Recorded data:

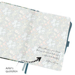 Each vegan leather journal is printed with a fine art masterpiece in vivid colors, with the artist's signature on the spine. Complete with an elastic band to keep it securely closed in your bag, two silky ribbon bookmarks to keep your place, a loop to hold your pen, and an interior pocket for ticket stubs and photographs, this journal is ready to travel wherever you might take it. Each page is micro-perforated for easy tear-out, and thick enough to prevent ink from bleeding through to the other side. With 160 dot grid pages, this luxurious journal makes a perfect gift for students, writers, travelers, and art-lovers of any kind.
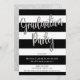 Invitaciones del purpurina y de la fiesta de graduación de las rayas. Celebre a su graduado con este chispear, purpurina, e invitación moderna rayada de la fiesta de graduación. Creado con los acentos de plata del purpurina, esta invitación de la graduación con brillo en sus manos de la huésped sobre la recepción de él. Las fuentes de coordinación del fiesta están disponibles en la tienda de MetroEvents en Zazzle. Las invitaciones adicionales de la fiesta de graduación están disponibles en Metro-events.com.
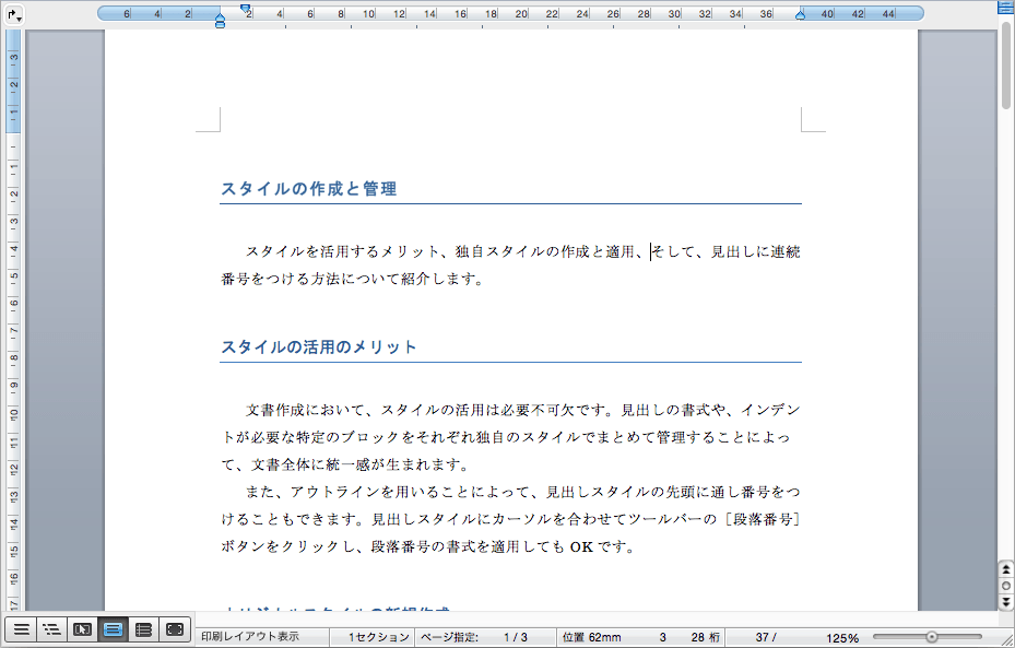 - 見出しや標準段落の書式が一度に変わりました。
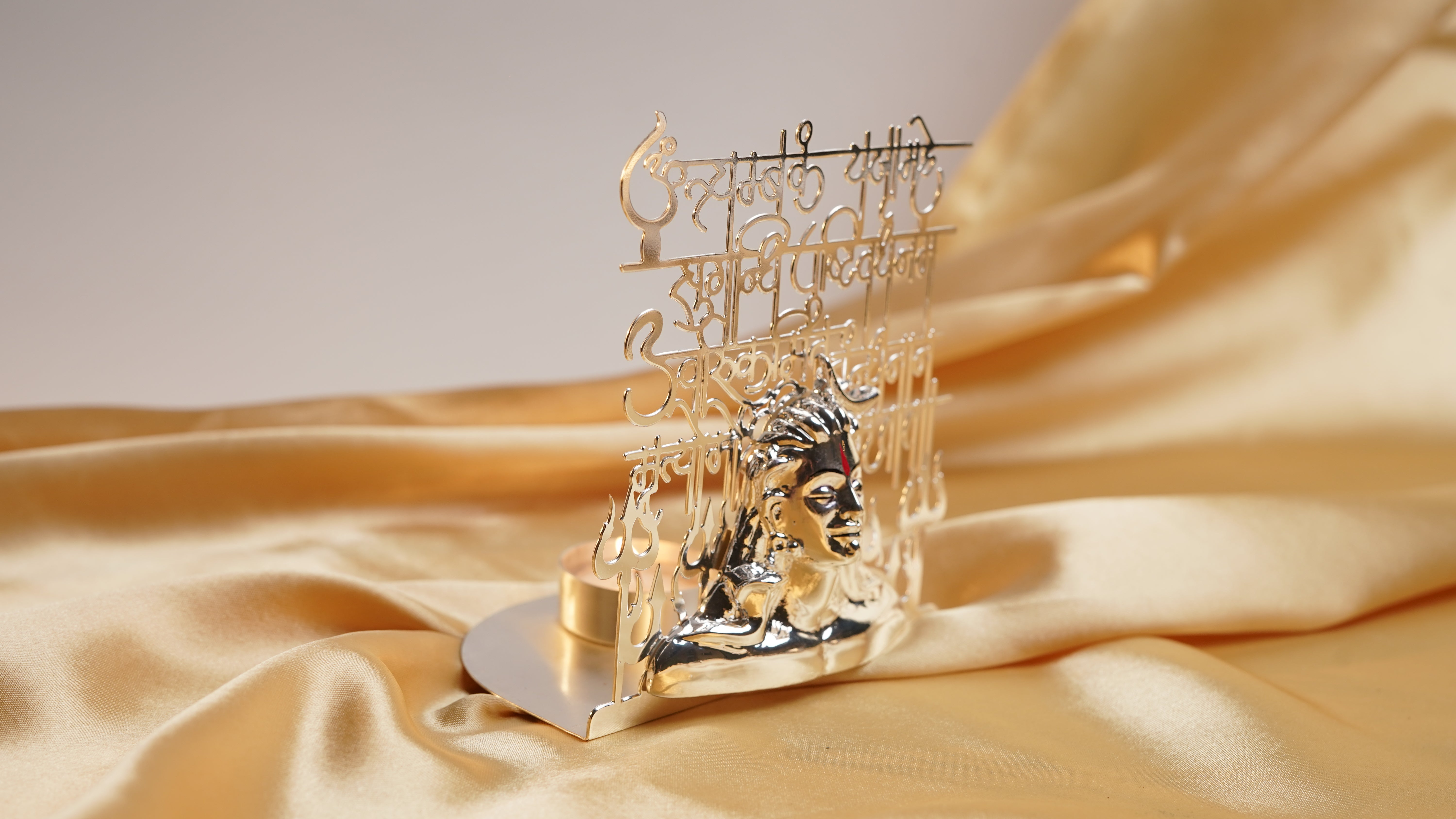 Invoke blessings and serenity with this exquisitely crafted silver-plated Maha Mrityunjay T-light artifact. Featuring the sacred mantra in elegant script and a finely sculpted bust of Lord Shiva, this piece blends devotion with décor. Designed to sit gracefully on a console or center table, the artifact adds spiritual charm to modern interiors. Light a diya behind it for a divine glow that highlights the mantra. An ideal choice for festive gifting, spiritual occasions, or sacred home styling — beautifully packed in a luxurious swede utility box.

Task statement: Your reply should hold every line of the material, unaltered, and not one picture.

Solution for this task:
 Each vegan leather journal is printed with a fine art masterpiece in vivid colors, with the artist's signature on the spine. Complete with an elastic band to keep it securely closed in your bag, two silky ribbon bookmarks to keep your place, a loop to hold your pen, and an interior pocket for ticket stubs and photographs, this journal is ready to travel wherever you might take it. Each page is micro-perforated for easy tear-out, and thick enough to prevent ink from bleeding through to the other side. With 160 dot grid pages, this luxurious journal makes a perfect gift for students, writers, travelers, and art-lovers of any kind.
 Invitaciones del purpurina y de la fiesta de graduación de las rayas. Celebre a su graduado con este chispear, purpurina, e invitación moderna rayada de la fiesta de graduación. Creado con los acentos de plata del purpurina, esta invitación de la graduación con brillo en sus manos de la huésped sobre la recepción de él. Las fuentes de coordinación del fiesta están disponibles en la tienda de MetroEvents en Zazzle. Las invitaciones adicionales de la fiesta de graduación están disponibles en Metro-events.com.
 - 見出しや標準段落の書式が一度に変わりました。
 Invoke blessings and serenity with this exquisitely crafted silver-plated Maha Mrityunjay T-light artifact. Featuring the sacred mantra in elegant script and a finely sculpted bust of Lord Shiva, this piece blends devotion with décor. Designed to sit gracefully on a console or center table, the artifact adds spiritual charm to modern interiors. Light a diya behind it for a divine glow that highlights the mantra. An ideal choice for festive gifting, spiritual occasions, or sacred home styling — beautifully packed in a luxurious swede utility box.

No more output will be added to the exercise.